We stepped back and found ourselves looking around at the surrounding walls. Pictures and some sort of text from the old days covered the walls. It suddenly seemed those walls were farther from me than I had earlier felt. I walked over to have a closer look and, when I decided I needed more light, I reached for one of the flashlights. But, it was way over there. A lot further away than what I’d expected.
It was at that time that I looked back at the sarcophagus and found myself looking far up to even see the top edge. This is not right, I told myself. About then, Mark also became aware that things had changed. Neither of us was nearly as large as when we had entered. The work lamp battery began to fail, but when I reached for a flashlight now, it was far heavier than I could lift.
Mark said he heard something outside and rushed over to the entry just in time to witness the huge stone slab being returned to its’ original resting place, blocking our way out. Not good!
Although the seal appeared tight, I realized I felt air movement. We began searching the walls for some sort of air shaft or any other means of escape and soon came across a large square opening at floor level.

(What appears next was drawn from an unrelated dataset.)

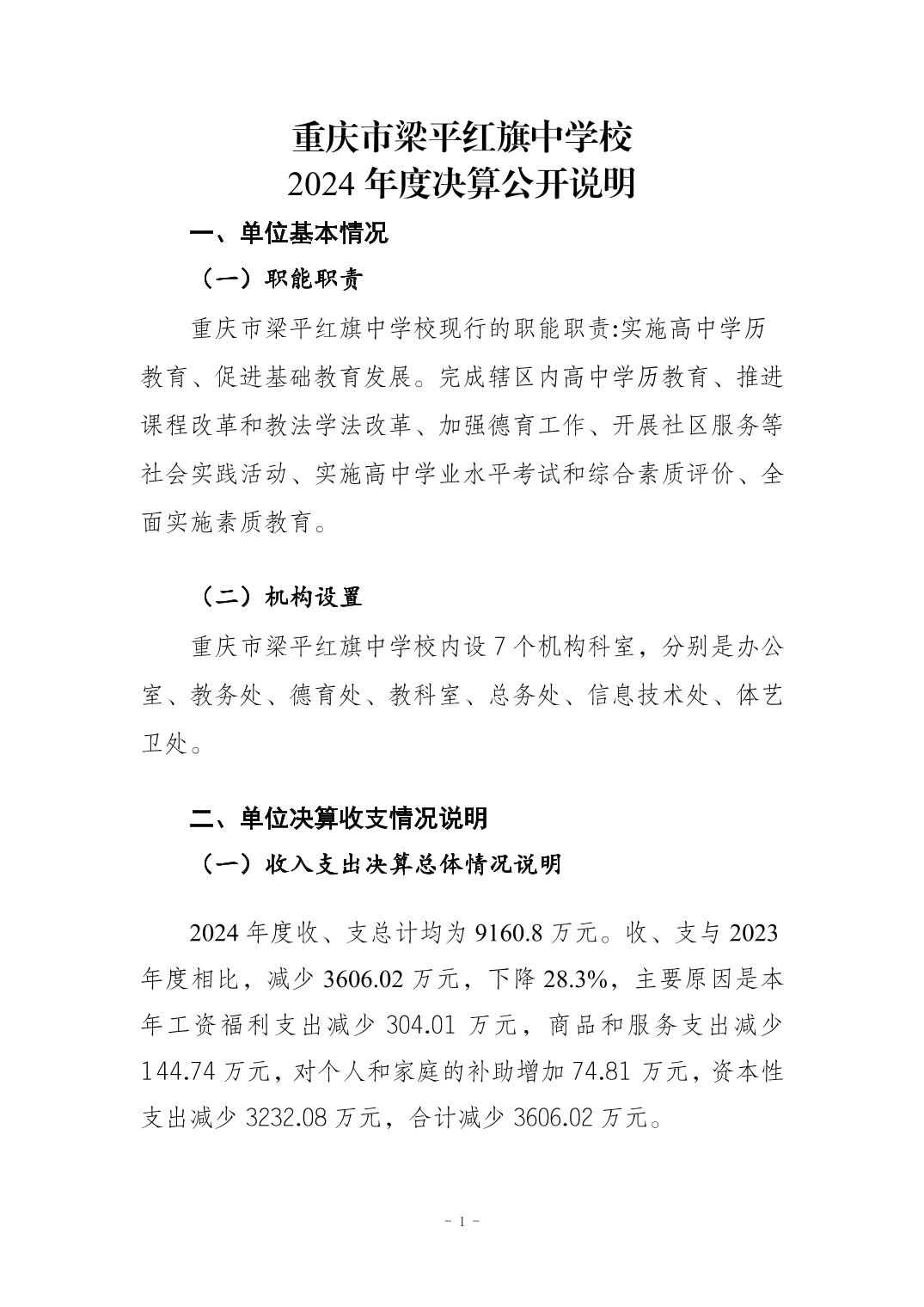 | 標題 | 重慶市梁平紅旗中學校2024年度決算公開說明 |

I say large, because it felt large to us at our reduced size. No light issued forth, but it obviously did reach the outside world somewhere because we felt a good air flow. No other way for it. We’d have to check this out and hope it allowed us to escape from the tomb.

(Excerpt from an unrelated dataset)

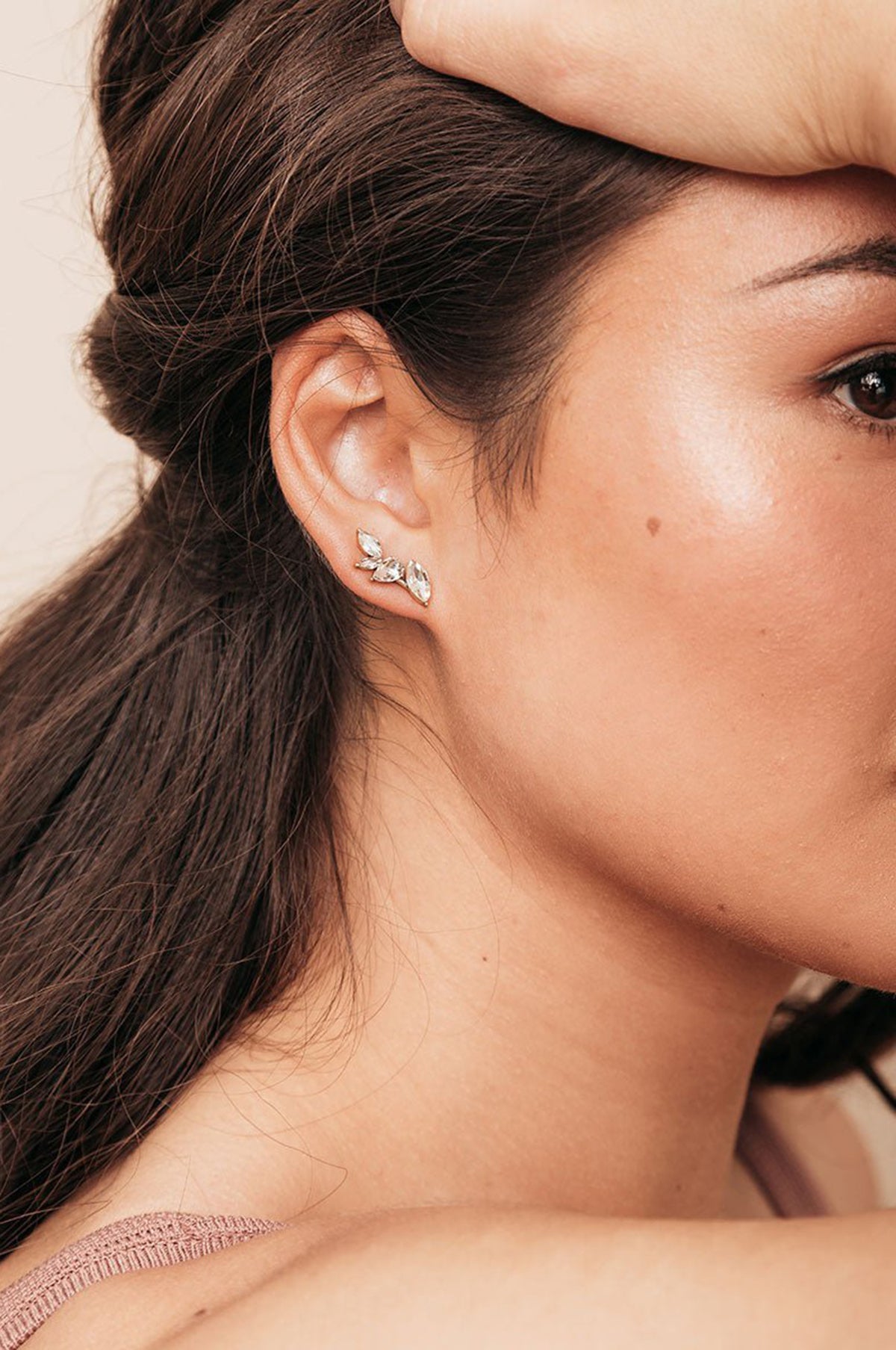 The Sydney gold studs blend timeless elegance with a modern edge. Adding sparkle to everyday with a row of offset gems cut in varying shapes and sizes. Wear them as ear climbers or style them vertically on your lobes for an effortlessly chic look.

What seemed like forever inside that square, dark tunnel finally brought us to a point where we saw light. Sunshine had never before been so welcome. I reached the outside first and, as my body slipped past the outer edge of the hole, it suddenly expanded. In fact, it expanded so quickly that managing to get out felt a bit like getting a cork from a bottle. Since, in order to keep from tripping over my pants, I had cinched my belt up tight, I now had to rush to release it or be cut in half. Eventually, as my body was submerged in the outside air, all of me returned to my normal size. Mark soon popped out as well and we both stood there stretching as though we had been clamped tight. We looked down at a hole about four inches square, from which we had climbed.
The men were gone. The equipment was gone. The truck sat where we had left it, but only because Mark had the keys in his pocket. We returned empty handed, but not without some great stories to tell our friends. Not that they believed us, of course.
Strange, but, since that experience, I don’t seem to feel the old urge to dig, anymore. Curses! Who needs ‘em?